### Dataset entries
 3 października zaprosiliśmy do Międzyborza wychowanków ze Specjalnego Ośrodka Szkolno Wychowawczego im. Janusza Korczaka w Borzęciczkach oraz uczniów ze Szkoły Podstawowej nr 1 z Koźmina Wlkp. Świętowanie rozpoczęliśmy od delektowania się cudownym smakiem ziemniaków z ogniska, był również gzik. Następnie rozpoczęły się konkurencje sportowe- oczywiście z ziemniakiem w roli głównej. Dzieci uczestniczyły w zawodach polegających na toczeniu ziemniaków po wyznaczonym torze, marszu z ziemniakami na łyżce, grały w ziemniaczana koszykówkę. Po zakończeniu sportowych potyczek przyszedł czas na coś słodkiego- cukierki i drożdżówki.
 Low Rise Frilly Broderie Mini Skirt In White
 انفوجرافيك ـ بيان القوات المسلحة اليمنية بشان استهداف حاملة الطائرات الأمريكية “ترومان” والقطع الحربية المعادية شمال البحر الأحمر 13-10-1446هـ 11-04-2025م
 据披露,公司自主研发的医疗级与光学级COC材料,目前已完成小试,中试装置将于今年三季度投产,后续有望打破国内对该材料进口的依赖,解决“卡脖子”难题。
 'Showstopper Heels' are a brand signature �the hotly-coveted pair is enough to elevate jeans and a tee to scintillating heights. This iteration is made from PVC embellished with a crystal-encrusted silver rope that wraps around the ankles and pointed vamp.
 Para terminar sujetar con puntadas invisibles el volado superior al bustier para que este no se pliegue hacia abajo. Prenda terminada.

* * *

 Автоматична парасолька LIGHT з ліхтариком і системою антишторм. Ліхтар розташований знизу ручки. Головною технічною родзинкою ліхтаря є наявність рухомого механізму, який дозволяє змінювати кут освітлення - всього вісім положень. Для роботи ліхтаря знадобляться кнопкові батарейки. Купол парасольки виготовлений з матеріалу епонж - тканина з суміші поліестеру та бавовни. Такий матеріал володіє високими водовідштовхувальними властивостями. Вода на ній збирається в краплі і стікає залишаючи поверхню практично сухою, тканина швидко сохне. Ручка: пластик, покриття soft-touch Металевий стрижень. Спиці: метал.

### Work instructions
From the records above, print exactly the lines that run from the line with "انفوجرافيك ـ بيان" to the line with "据披露,公司自主研发的医疗级", inclusive.

### Answer for this exercise
 انفوجرافيك ـ بيان القوات المسلحة اليمنية بشان استهداف حاملة الطائرات الأمريكية “ترومان” والقطع الحربية المعادية شمال البحر الأحمر 13-10-1446هـ 11-04-2025م
 据披露,公司自主研发的医疗级与光学级COC材料,目前已完成小试,中试装置将于今年三季度投产,后续有望打破国内对该材料进口的依赖,解决“卡脖子”难题。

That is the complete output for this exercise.